A space-beholder usually fits its lair with a single central beam cannon, shaped much like the beholder’s central eye, capable of razing entire starships which approach. They continue to modify their ship with parts of pilfered and destroyed ships, building it out in every direction until it at last approaches something reminiscent of a chaotic, metallic moon. (Any resemblance this might have to superweapon space stations from other science fiction franchises is pure coincidence.)
Vect, Warforged, and the Spark
At the same time the Jormund Foundry manufactured its ten-thousandth batch of vect units, amoeboid explorers discovered a foreboding world on the Galactic Frontier. This planet, occupied by relatively-advanced humans, was recovering from the throes of a terrible war, during which they had built armies of humanlike constructs, called the Warforged. Either the humans of this war-torn planet were mad, or something within their great Creation Forges had malfunctioned, as every one of the machines was sentient. Nothing of the sort could ever be allowed on the galactic stage.

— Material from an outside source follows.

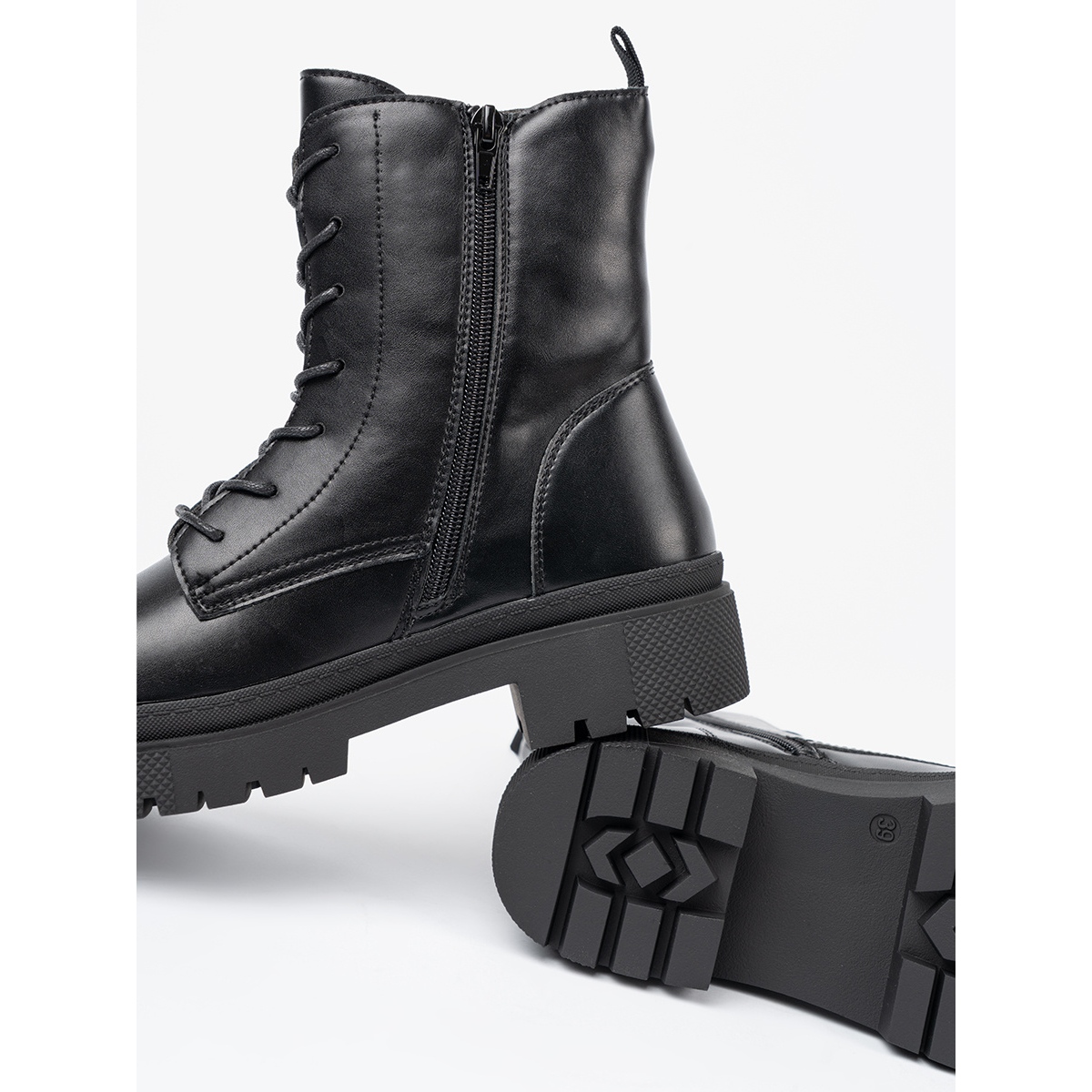 Um fixador de zíper conveniente e detalhes atados são uma solução prática que permite que você use rapidamente e combine os sapatos na perna. O interior das botas foi conquistado com um tecido agradável, o que aumenta o conforto do uso, e sua altura atingindo o tornozelo acrescenta elegância à figura.

The amoeboid explorers blacklisted the planet from galactic visitation for two centuries (enough time, they reasoned, for their machine creations to rise up and slaughter them), and departed again for the stars. However, their ship malfunctioned on their way to the Solar Citadel; some Spark of that planet’s Creation Forges had tinged their Dark Matter engine and sent them careening into dwarven space.
The rest, as they say, is history: the vect gained sentience and the Spark War began. Perhaps every race of constructs is destined to become sentient past a certain level of advancement. Or, perhaps, something specific and mystical is at work, empowering lifeless machines across the ‘verse into beings which can think and feel. Perhaps, we will never be sure.